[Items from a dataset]

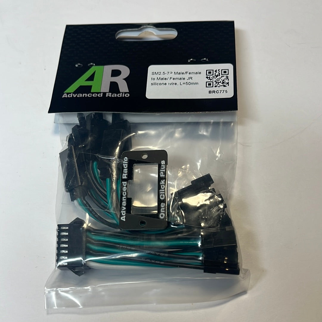 The AR one click comes standard with 6 Sets of independent 20AWG silicone wire and gold plated servo pins so you can connect completely different power systems together with one simple One Click + connector providing you with the best connection for your high powered models. And 20AWG silicon wire allowing for maximum current flow for high powered applications.
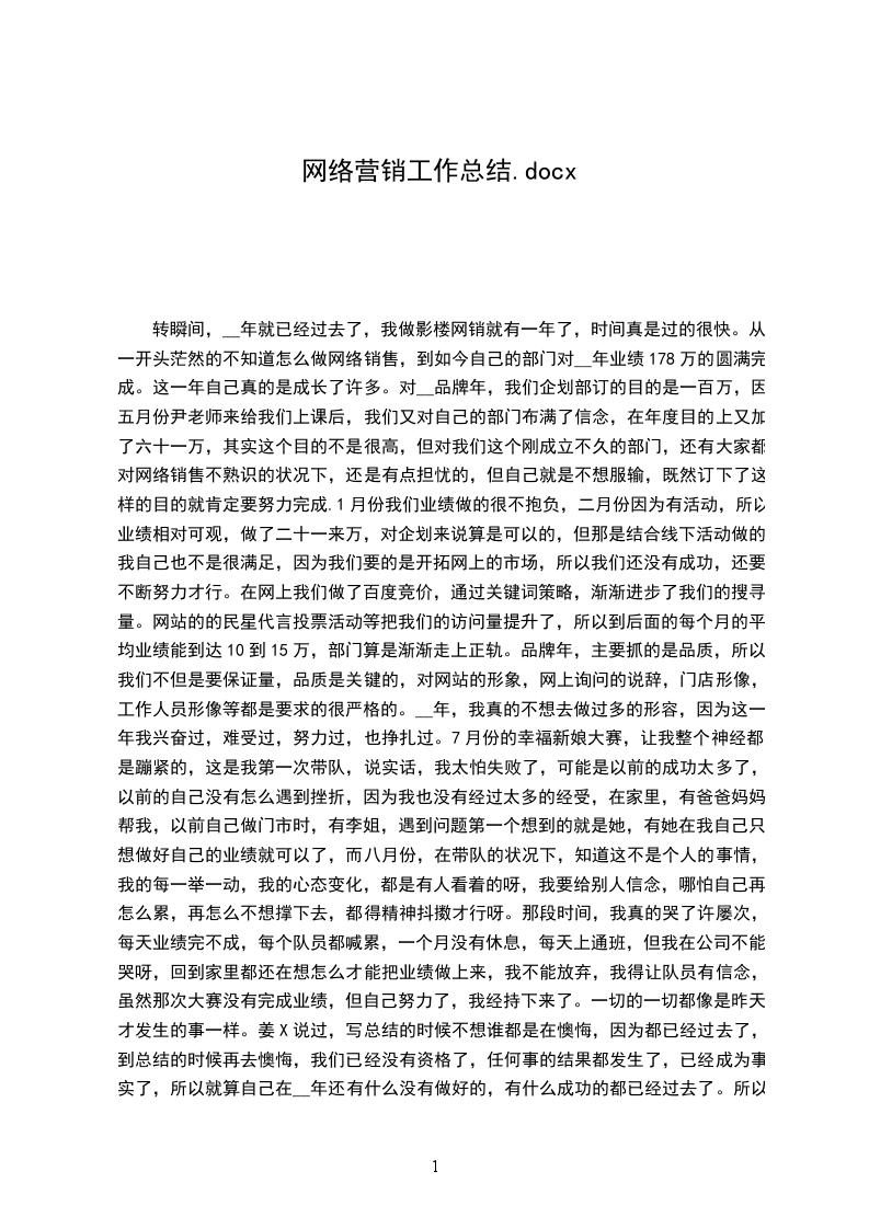 转瞬间,__年就已经过去了,我做影楼网销就有一年了,时间真是过的很快。从一开头茫然的不知道怎么做网络销售,到如今自己的部门对__年业绩178万的圆满完成。这一年自己真的是成长了许多。对__品牌年,我们企划部订的目的是一百万,因五月份尹老师来给我们上课后,我们又对自己的部门布满了信念,在年度目的上又加了六十一万,其实这个目的不是很高,但对我们这个刚成立不久的部门,还有大家都对网络销售不熟识的状况下,还是有点担忧的,但自己就是不想服输,既然订下了这样的目的就肯定要努力完成.1月份我们业绩做的很不抱负,二月份因为有活动,所以业绩相对可观,做了二十一来万,对企划来说算是可以的,但那是结合线下活动做的,我自己也不是很满足,因为我们要的是开拓网上的市场,所以我们还没有成功,还要不断努力才行。在网上我们做了百度竞价,通过关键词策略,渐渐进步了我们的搜寻量。网站的的民星代言投票活动等把我们的访问量提升了,所以到后面的每个月的平均业绩能到达10到15万,部门算是渐渐走上正轨。品牌年,主要抓的是品质,所以我们不但是要保证量,品质是关键的,对网站的形象,网上询问的说辞,门店形像,工作人员形像等都是要求的很严格的。__年,我真的不想去做过多的形容,因为这一年我兴奋过,难受过,努力过,也挣扎过。7月份的幸福新娘大赛,让我整个神经都是蹦紧的,这是我第一次带队,说实话,我太怕失败了,可能是以前的成功太多了,以前的自己没有怎么遇到挫折,因为我也没有经过太多的经受,在家里,有爸爸妈妈帮我,以前自己做门市时,有李姐,遇到问题第一个想到的就是她,有她在我自己只想做好自己的业绩就可以了,而八月份,在带队的状况下,知道这不是个人的事情,我的每一举一动,我的心态变化,都是有人看着的呀,我要给别人信念,哪怕自己再怎么累,再怎么不想撑下去,都得精神抖擞才行呀。那段时间,我真的哭了许屡次,每天业绩完不成,每个队员都喊累,一个月没有休息,每天上通班,但我在公司不能哭呀,回到家里都还在想怎么才能把业绩做上来,我不能放弃,我得让队员有信念,虽然那次大赛没有完成业绩,但自己努力了,我经持下来了。一切的一切都像是昨天才发生的事一样。姜X说过,写总结的时候不想谁都是在懊悔,因为都已经过去了,到总结的时候再去懊悔,我们已经没有资格了,任何事的结果都发生了,已经成为事实了,所以就算自己在__年还有什么没有做好的,有什么成功的都已经过去了。所以我们要把握的是如今,每一次的失败与经受都鞭策我们前进,想想我们的六年大计,我们要的是不断加油,要的是离目的更近。__年是关键的一年,如今公司的四大品牌都已经在玩网络了,假设我们企划部自己还不努力的话,怎么能行呢,别人都在做我们的市场了,所以我们只能是前进了,把自己的部门当做一个公司来经营,聚焦好自己的目的,我们要的就是业绩就是市场,肯定把网撒的更宽。企划部展业的业绩也是关键的,不光是线上,线下我们也得努力,既然门店都可以线下线上一起做,我们为什么要把我们的线下放下呢,所以一切以完成业绩目的为导向,聚焦好这件事,企划部肯定会更强大。__年新年钟声敲响的那一刻,我哭了。也不知道为什么眼泪就流下来了,太多的感慨,因为时间是由不得人的。__年,大家都在传,地球将在这一年消灭,但地球真的就在这一刻没有了吗我觉得这是大家在躲避责任的说法,__年莫非我们就不生存了吗不工作了吗不是,只要活一天,心中就得有目的,聚焦好工作重点:市场业绩网络。__年,把我们的市场扩大化,把微薄营销做透,让自己不留圆满。加油!
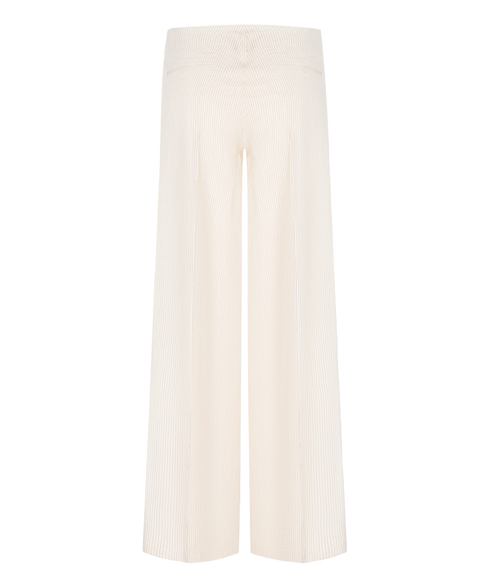 Zeitlose Damenhose Addison in Schwarz mit feinem Nadelstreifenmuster. Die klassische, gerade geschnittene Hose sorgt für einen gepflegten Auftritt im Büro und bei formellen Anlässen. Durch ihr zurückhaltendes Design lässt sie sich vielseitig kombinieren und wirkt sowohl zu Blazern als auch zu lässigen Oberteilen elegant.Lief.-Art-Nr: Addison/8727046203
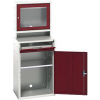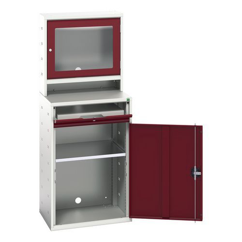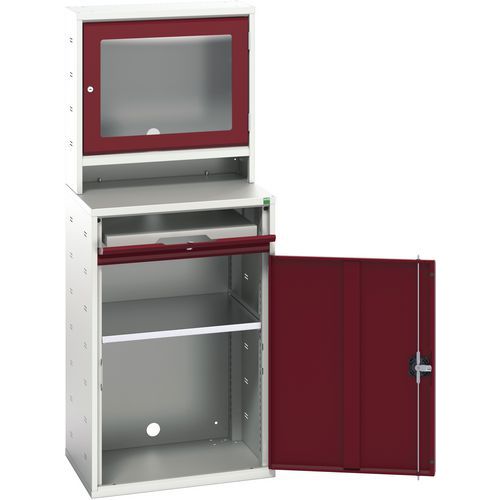 De interne afmetingen van de monitorkast zijn 640 mm breed, 540 mm hoog en 220 mm diep. Wanneer de deur wordt geopend, is de afmeting van de opening 560 mm breed en 470 mm hoog.
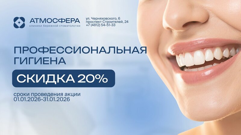 Скидка 20% на профессиональную гигиену полости рта в январе В клинике бережной стоматологии «Атмосфера» в Смоленске на ул. Черняховского, 6...
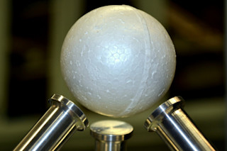 安德拉德的团队没有使用两个声源来产生声音,而是使用了三个超声波换能器,呈三脚架状排列。这种设置在球体和换能器之间产生了一个驻波,在将物体升高的同时将其固定在原位。
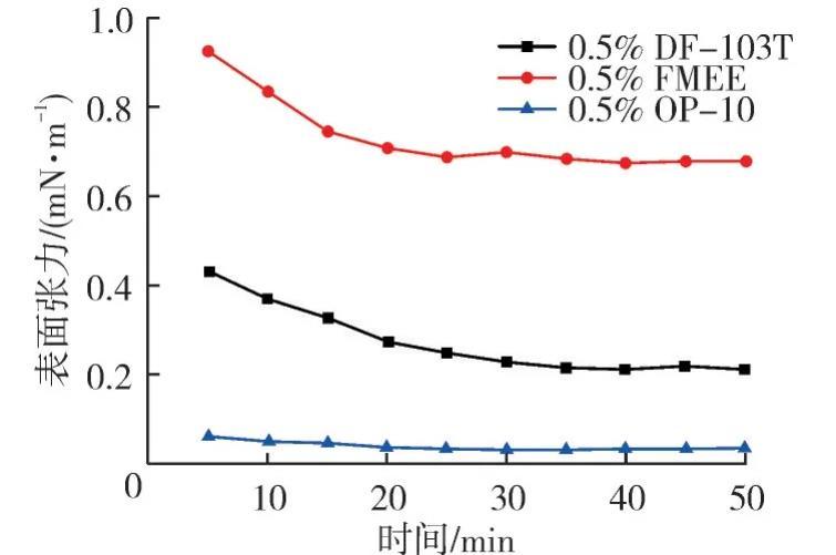 測定0.5%的DF-103T、OP-10、FMEE這3種非離子表面活性劑的表面張力,結果見圖2。
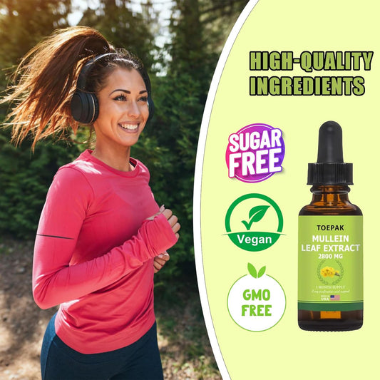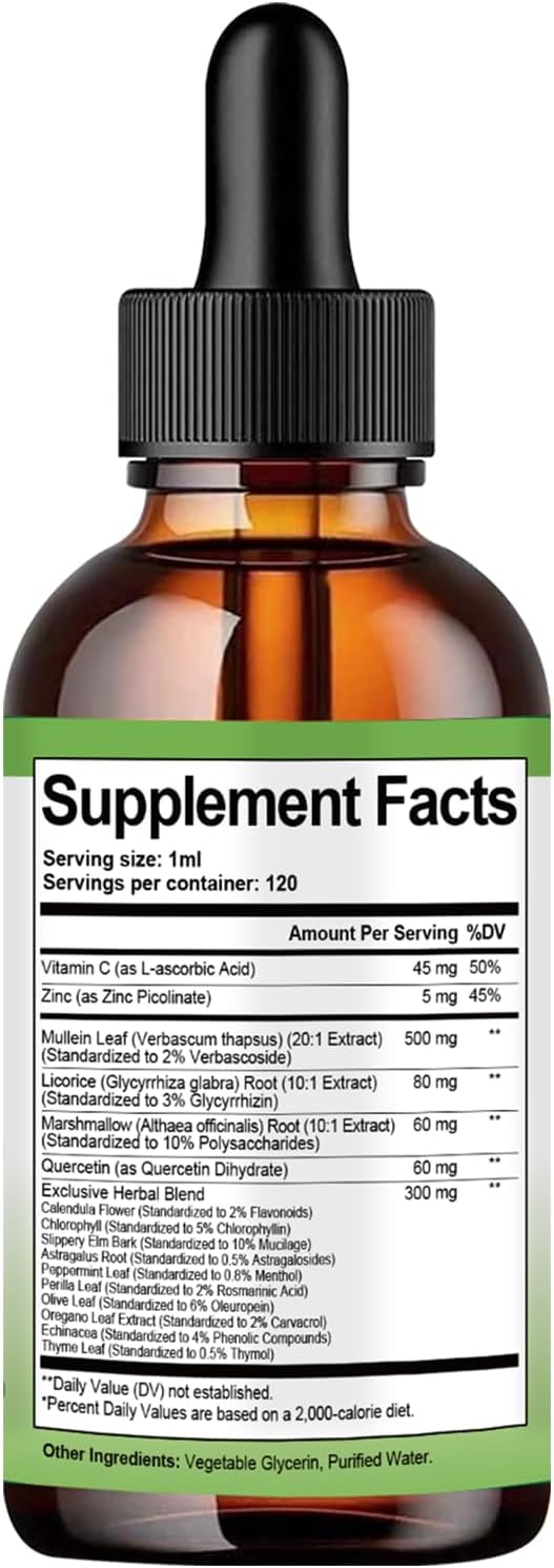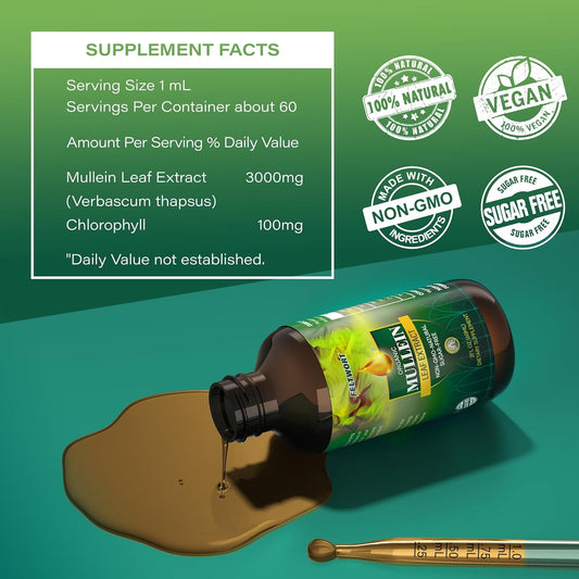 Organic Mullein Leaf Extract Drops for Lung Health - Respiratory Support Supplement for Smokers - 1 Month Supply - 2 Fl Oz
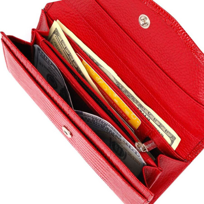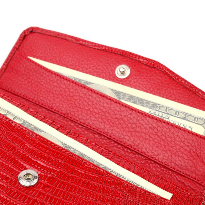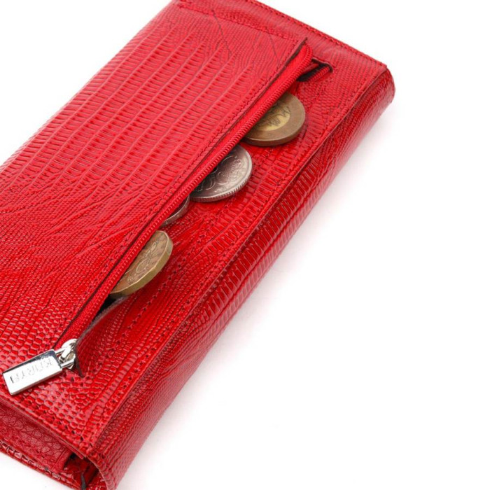 Модный женский кошелек из натуральной лакированной кожи, с тиснением под змею, в красном цвете. Складывается аксессуар пополам, закрывается клапаном на кнопку. Качественная фурнитура дополняет и украшает изделие. Такой кошелек из натуральной кожи - это идеальный вариант на каждый день для тех, кто ценит качество, удобство и комфорт, а также будет отлично дополнять Ваш повседневный образ. Упакован аксессуар в фирменную коробку и пакет бренда. Изделия из натуральной кожи всегда будут отличным подарком для близкого человека.
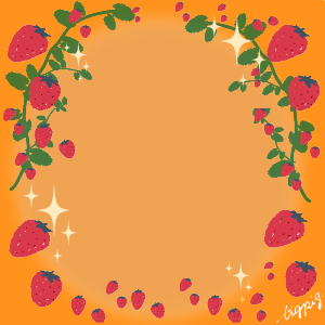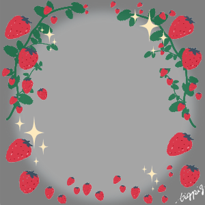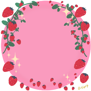 300pix 【春のフレーム】いちごのイラストと黒の円の枠と白の背景のフレーム素材
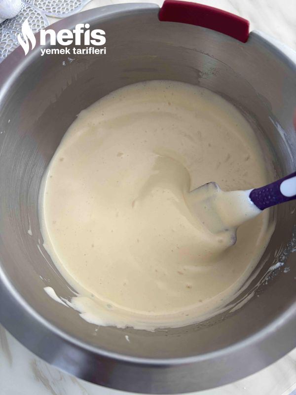 - Keki için; 3 adet yumurta ve şekeri kar üzere oluncaya kadar çırpınız sonra vanilyayı sıvı yağını ve yoğurdu ekleyip spatulayla yavaş yavaş söndürmeden karıştırınız. En son unu ve kabartma tozunu eleyerek ekleyiniz ve onuda tıpkı formda spatulayla karıştırınız.

INSTRUCTIONS TO FOLLOW:
Apart from the pictures, all of the data should be repeated exactly.

TASK ANSWER:
 The AR one click comes standard with 6 Sets of independent 20AWG silicone wire and gold plated servo pins so you can connect completely different power systems together with one simple One Click + connector providing you with the best connection for your high powered models. And 20AWG silicon wire allowing for maximum current flow for high powered applications.
 转瞬间,__年就已经过去了,我做影楼网销就有一年了,时间真是过的很快。从一开头茫然的不知道怎么做网络销售,到如今自己的部门对__年业绩178万的圆满完成。这一年自己真的是成长了许多。对__品牌年,我们企划部订的目的是一百万,因五月份尹老师来给我们上课后,我们又对自己的部门布满了信念,在年度目的上又加了六十一万,其实这个目的不是很高,但对我们这个刚成立不久的部门,还有大家都对网络销售不熟识的状况下,还是有点担忧的,但自己就是不想服输,既然订下了这样的目的就肯定要努力完成.1月份我们业绩做的很不抱负,二月份因为有活动,所以业绩相对可观,做了二十一来万,对企划来说算是可以的,但那是结合线下活动做的,我自己也不是很满足,因为我们要的是开拓网上的市场,所以我们还没有成功,还要不断努力才行。在网上我们做了百度竞价,通过关键词策略,渐渐进步了我们的搜寻量。网站的的民星代言投票活动等把我们的访问量提升了,所以到后面的每个月的平均业绩能到达10到15万,部门算是渐渐走上正轨。品牌年,主要抓的是品质,所以我们不但是要保证量,品质是关键的,对网站的形象,网上询问的说辞,门店形像,工作人员形像等都是要求的很严格的。__年,我真的不想去做过多的形容,因为这一年我兴奋过,难受过,努力过,也挣扎过。7月份的幸福新娘大赛,让我整个神经都是蹦紧的,这是我第一次带队,说实话,我太怕失败了,可能是以前的成功太多了,以前的自己没有怎么遇到挫折,因为我也没有经过太多的经受,在家里,有爸爸妈妈帮我,以前自己做门市时,有李姐,遇到问题第一个想到的就是她,有她在我自己只想做好自己的业绩就可以了,而八月份,在带队的状况下,知道这不是个人的事情,我的每一举一动,我的心态变化,都是有人看着的呀,我要给别人信念,哪怕自己再怎么累,再怎么不想撑下去,都得精神抖擞才行呀。那段时间,我真的哭了许屡次,每天业绩完不成,每个队员都喊累,一个月没有休息,每天上通班,但我在公司不能哭呀,回到家里都还在想怎么才能把业绩做上来,我不能放弃,我得让队员有信念,虽然那次大赛没有完成业绩,但自己努力了,我经持下来了。一切的一切都像是昨天才发生的事一样。姜X说过,写总结的时候不想谁都是在懊悔,因为都已经过去了,到总结的时候再去懊悔,我们已经没有资格了,任何事的结果都发生了,已经成为事实了,所以就算自己在__年还有什么没有做好的,有什么成功的都已经过去了。所以我们要把握的是如今,每一次的失败与经受都鞭策我们前进,想想我们的六年大计,我们要的是不断加油,要的是离目的更近。__年是关键的一年,如今公司的四大品牌都已经在玩网络了,假设我们企划部自己还不努力的话,怎么能行呢,别人都在做我们的市场了,所以我们只能是前进了,把自己的部门当做一个公司来经营,聚焦好自己的目的,我们要的就是业绩就是市场,肯定把网撒的更宽。企划部展业的业绩也是关键的,不光是线上,线下我们也得努力,既然门店都可以线下线上一起做,我们为什么要把我们的线下放下呢,所以一切以完成业绩目的为导向,聚焦好这件事,企划部肯定会更强大。__年新年钟声敲响的那一刻,我哭了。也不知道为什么眼泪就流下来了,太多的感慨,因为时间是由不得人的。__年,大家都在传,地球将在这一年消灭,但地球真的就在这一刻没有了吗我觉得这是大家在躲避责任的说法,__年莫非我们就不生存了吗不工作了吗不是,只要活一天,心中就得有目的,聚焦好工作重点:市场业绩网络。__年,把我们的市场扩大化,把微薄营销做透,让自己不留圆满。加油!
 Zeitlose Damenhose Addison in Schwarz mit feinem Nadelstreifenmuster. Die klassische, gerade geschnittene Hose sorgt für einen gepflegten Auftritt im Büro und bei formellen Anlässen. Durch ihr zurückhaltendes Design lässt sie sich vielseitig kombinieren und wirkt sowohl zu Blazern als auch zu lässigen Oberteilen elegant.Lief.-Art-Nr: Addison/8727046203
 De interne afmetingen van de monitorkast zijn 640 mm breed, 540 mm hoog en 220 mm diep. Wanneer de deur wordt geopend, is de afmeting van de opening 560 mm breed en 470 mm hoog.
 Скидка 20% на профессиональную гигиену полости рта в январе В клинике бережной стоматологии «Атмосфера» в Смоленске на ул. Черняховского, 6...
 安德拉德的团队没有使用两个声源来产生声音,而是使用了三个超声波换能器,呈三脚架状排列。这种设置在球体和换能器之间产生了一个驻波,在将物体升高的同时将其固定在原位。
 測定0.5%的DF-103T、OP-10、FMEE這3種非離子表面活性劑的表面張力,結果見圖2。
 Organic Mullein Leaf Extract Drops for Lung Health - Respiratory Support Supplement for Smokers - 1 Month Supply - 2 Fl Oz
 Модный женский кошелек из натуральной лакированной кожи, с тиснением под змею, в красном цвете. Складывается аксессуар пополам, закрывается клапаном на кнопку. Качественная фурнитура дополняет и украшает изделие. Такой кошелек из натуральной кожи - это идеальный вариант на каждый день для тех, кто ценит качество, удобство и комфорт, а также будет отлично дополнять Ваш повседневный образ. Упакован аксессуар в фирменную коробку и пакет бренда. Изделия из натуральной кожи всегда будут отличным подарком для близкого человека.
 300pix 【春のフレーム】いちごのイラストと黒の円の枠と白の背景のフレーム素材
 - Keki için; 3 adet yumurta ve şekeri kar üzere oluncaya kadar çırpınız sonra vanilyayı sıvı yağını ve yoğurdu ekleyip spatulayla yavaş yavaş söndürmeden karıştırınız. En son unu ve kabartma tozunu eleyerek ekleyiniz ve onuda tıpkı formda spatulayla karıştırınız.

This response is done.